Myofascial pain syndrome, a common muscle pathology, involves pain in the muscles. Muscle fibres are innervated by the somatic nervous system, which releases acetylcholine, a neurotransmitter that interacts with nicotinic receptors, causing muscle contraction. Prolonged, awkward positions, trauma, inflammation, or overexertion can increase acetylcholine release, leading to strong muscle contractions and the formation of knots or nodules in the muscle.
Trigger Points and Ischemia [12:01]
These nodules, known as trigger points, are not scar tissue or tumours but chronic contractions of muscle fibres. They compress capillaries, reducing blood flow and causing ischemia (lack of blood supply). Ischemia leads to damage and the release of inflammatory mediators, such as prostaglandins and bradykinin, causing pain. Local anaesthetics can temporarily relieve the pain, but treatment requires breaking down the nodule to restore blood flow.
ATP and Muscle Relaxation [13:49]
Ischemia reduces ATP production, which is necessary for muscle relaxation. Breaking down the nodule increases blood flow, providing nutrients and ATP. This ATP is used to reduce calcium levels, allowing the muscle to relax. Trigger points are not scar tissue or tumours but nodules formed due to prolonged muscle contraction.
Muscle Biomechanics: Lever Systems [15:14]
Muscles operate on the principle of levers, involving a fulcrum (point A), a point of force application (point B), and a point of resistance (point V). There are three types of levers. First-class levers (levers of equilibrium) have the fulcrum between the force and resistance, such as the atlanto-occipital joint, which balances and stabilises the head. Second-class levers (levers of force) have the resistance between the fulcrum and force, such as the metatarsophalangeal joint, providing a mechanical advantage for lifting heavy loads with less energy. Third-class levers (levers of speed) have the force between the fulcrum and resistance, such as the elbow joint, providing speed and range of motion but requiring more muscle force.
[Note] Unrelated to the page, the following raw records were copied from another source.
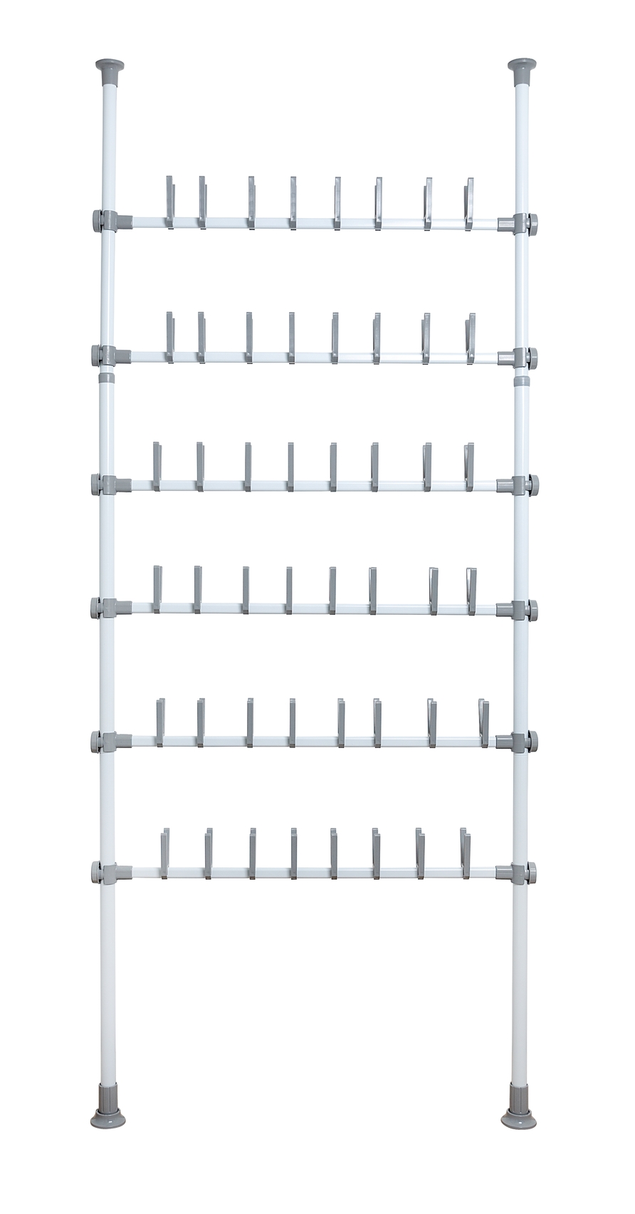 Med dette smarte teleskopsystem til skoopbevaring kan du effektivt få skoene væk fra gulvet og op på stativet. Dette skaber mere fri plads og gør det lettere at holde orden på dit fodtøj. Stativet har plads til op til 48 par sko, hvilket gør det ideelt til både den, der har en stor samling af sko, og til børnefamilier, der søger en praktisk løsning. De alsidige skoholdere kan bære alt fra stiletter til sneakers, så hele familien kan få glæde af systemet. Monteringen er nem, da systemet ikke kræver boring, hvilket gør installationen hurtig og problemfri.
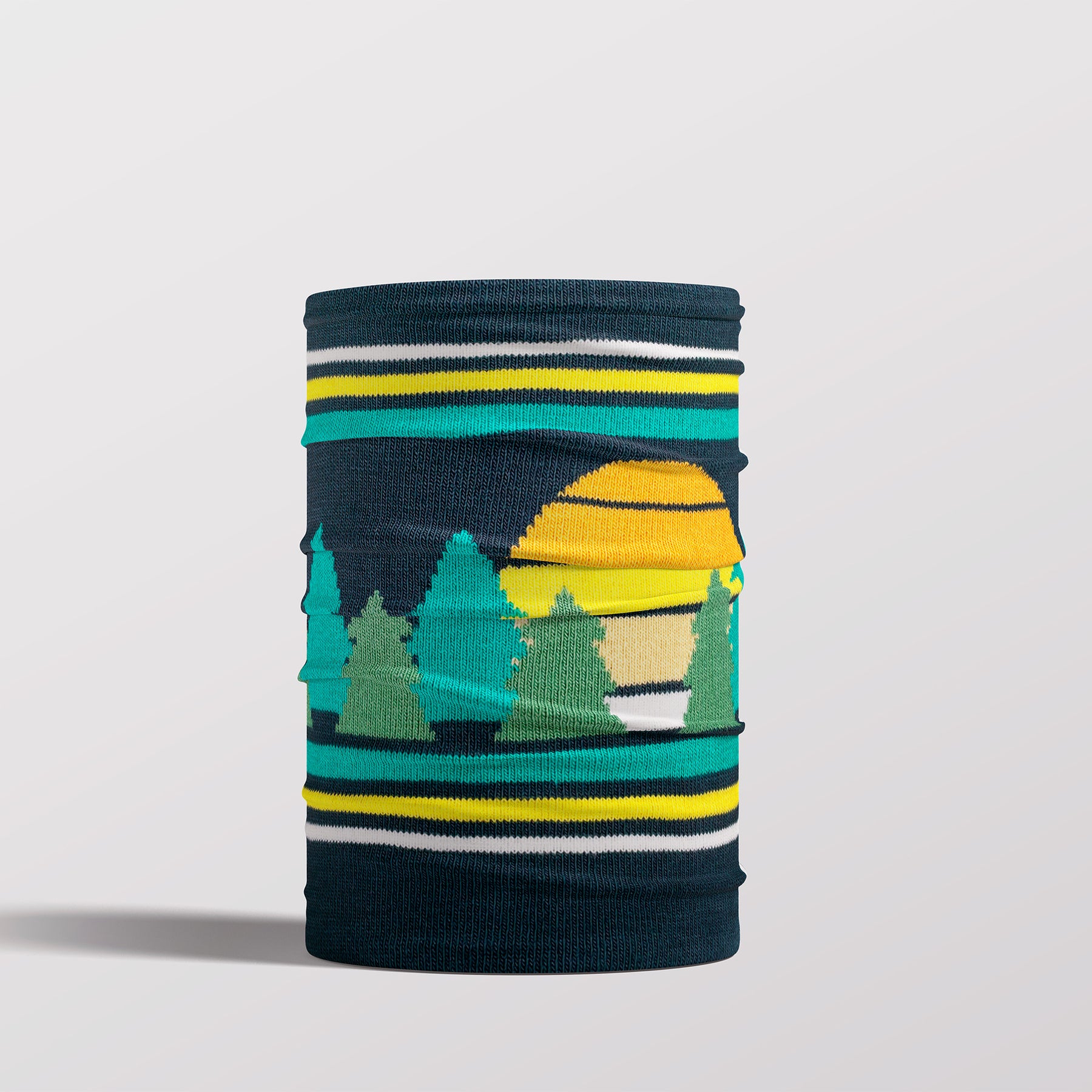 Immerse yourself in a peaceful forest at dawn, where towering pines stand silhouetted against a bright, golden sunrise. Shades of teal, green, and yellow offer a fresh take on the classic wilderness scene, evoking a sense of stillness and natural beauty.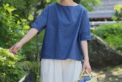 ・ボトムスを選ばず、流行に左右されないシンプルなブラウス。

Lever Types and Muscle Function [17:29]
The video explains the mechanical advantages of each lever system. Second-class levers allow muscles to lift heavy objects with less energy, while third-class levers provide speed and amplitude of movement but require more muscle force. Most muscles in the limbs operate as third-class levers. The video uses the example of a sledgehammer to illustrate how the position of the hand (force) relative to the hammerhead (resistance) affects the energy required to lift and swing the tool.
Accessory Muscle Structures: Tendons and Fascia [20:26]
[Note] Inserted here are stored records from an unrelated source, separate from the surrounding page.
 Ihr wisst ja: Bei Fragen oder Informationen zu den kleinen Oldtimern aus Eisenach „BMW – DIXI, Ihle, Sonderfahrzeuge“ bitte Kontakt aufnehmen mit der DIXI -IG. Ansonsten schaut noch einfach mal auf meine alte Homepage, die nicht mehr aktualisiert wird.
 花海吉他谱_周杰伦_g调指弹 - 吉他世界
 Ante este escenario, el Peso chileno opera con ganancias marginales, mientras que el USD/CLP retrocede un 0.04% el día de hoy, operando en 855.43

Accessory structures, such as tendons, fascia, synovial sheaths, sesamoid bones, synovial bursae, aponeuroses, muscle retainers, and muscle blocks, support muscle function. These structures do not contract but help muscles perform movements efficiently, reduce friction, and protect against injury. Tendons, dense cords of collagen fibres, connect muscles to bones and are a continuation of the epimysium, perimysium, and endomysium.
Tendons, Fascia and Their Functions [21:58]
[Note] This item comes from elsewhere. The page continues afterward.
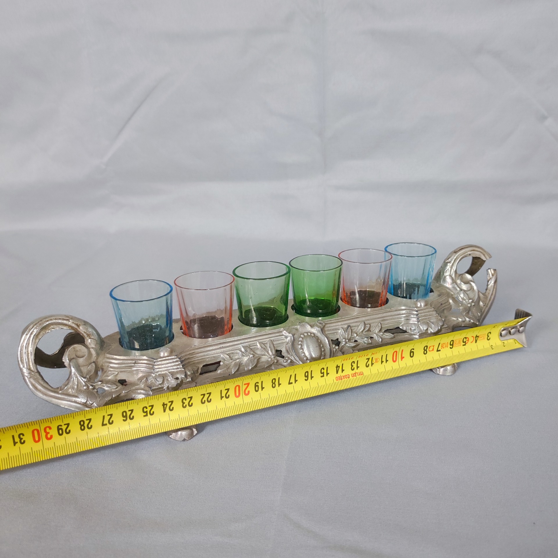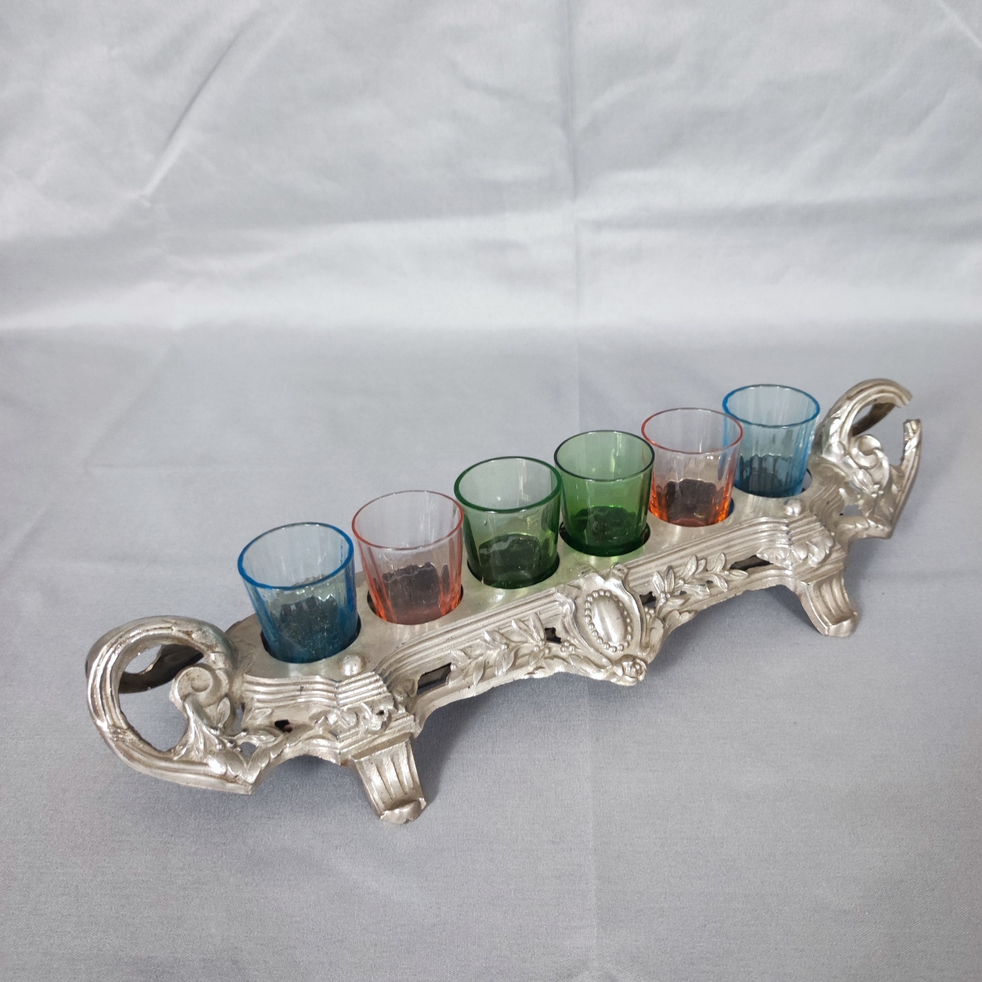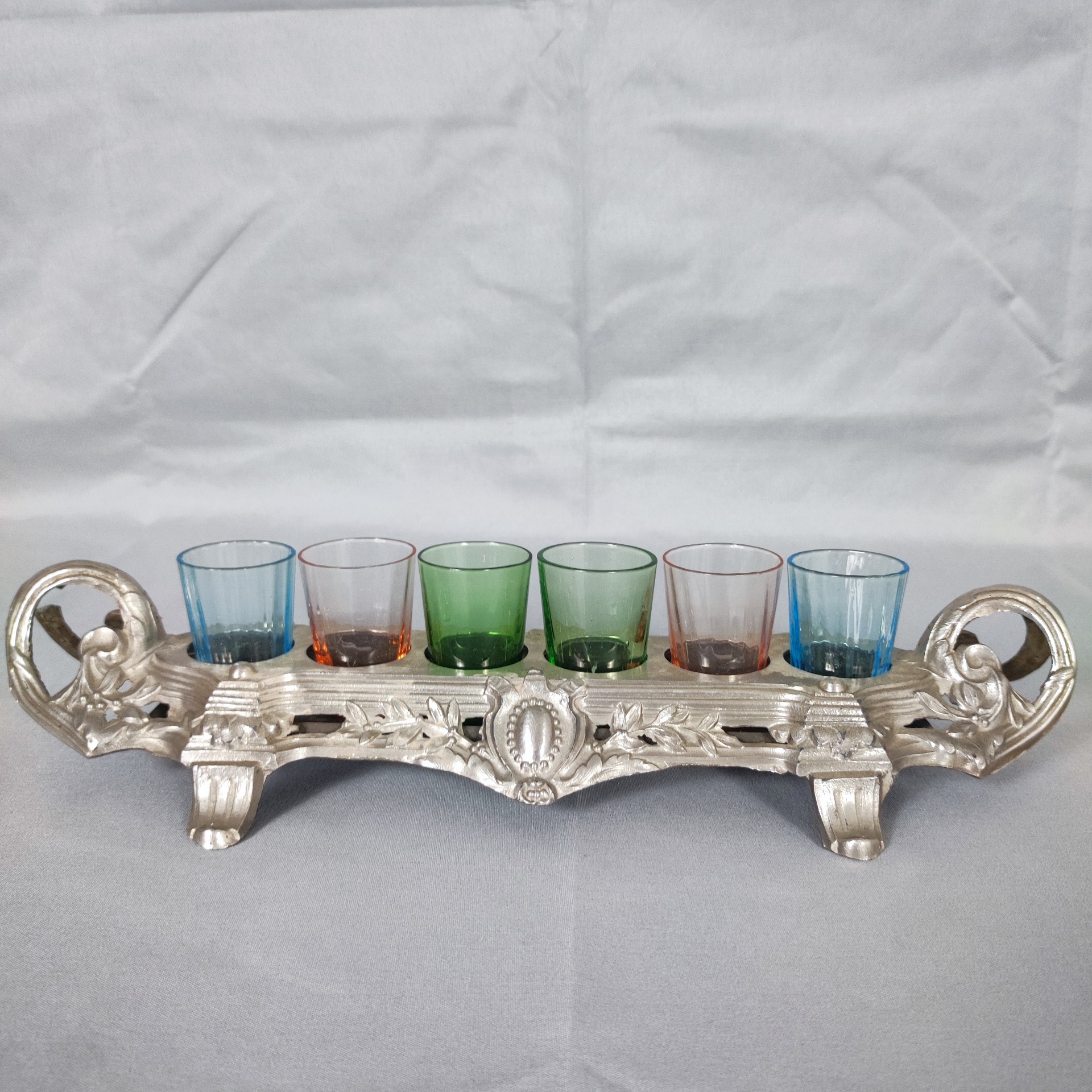 Starý kovový stojan na šest malých sklenek, lehce secesní tvar s plastickým dekorem. Původní barevné sklenky – zelené, modré a jantarové – krásně hrají na světle.

Tendons transmit the force of muscle contraction to bones, enabling movements such as flexion, extension, abduction, adduction, and rotation. Tendon pathologies include tendinitis (inflammation), tendinosis (degeneration), and rupture, often affecting the Achilles tendon. Fascia, dense fibrous connective tissue, forms sheaths for muscles, muscle groups, neurovascular bundles, and internal organs. It consists of collagen and elastic fibres and includes superficial fascia (beneath the skin) and deep fascia (surrounding muscles).
Anatomical and Clinical Significance of Fascia [23:50]
Deep fascia forms compartments for muscles and neurovascular bundles, separating muscle groups and reducing friction between adjacent muscles. It also helps maintain muscle position and ensures proper direction of muscle contraction. Clinically, fascia limits the spread of infection and serves as a surgical landmark. It is used in plastic surgery due to its density and rapid recovery. Fascial planes are used for nerve blocks, such as transverse abdominis plane (TAP) blocks, and prevent vein collapse.
Fascia Pathologies and Synovial Sheaths [26:19]
Fascia pathologies include fasciitis (inflammation), fasciomyositis (inflammation of fascia and muscle), and compartment syndrome (increased pressure within a fascial compartment). Compartment syndrome can lead to ischemia and necrosis of muscles and nerves. Synovial sheaths, such as vagina synovialis tendinum, form sheaths around muscle tendons, consisting of visceral and parietal layers. The mesotendon contains blood vessels and nerves, and the synovial cavity contains synovial fluid, reducing friction during movement.
Synovial Sheaths, Sesamoid Bones and Synovial Bursae [28:34]
Synovial sheaths are essentially synovial membranes in the form of a sheath around tendons, located under retainers. Pathologies include tenosynovitis (inflammation of the tendon and synovial sheath) and hygroma (cyst filled with serous fluid). Sesamoid bones, such as the patella, are located within tendons near joints, increasing muscle leverage, strengthening joints, distributing pressure, and directing tendon movement. Sesamoid bone pathologies include dislocations and fractures of the patella and sesamoiditis (inflammation). Synovial bursae, small closed sacs lined with synovial membrane and filled with synovial fluid, reduce friction between muscles, tendons, and bones.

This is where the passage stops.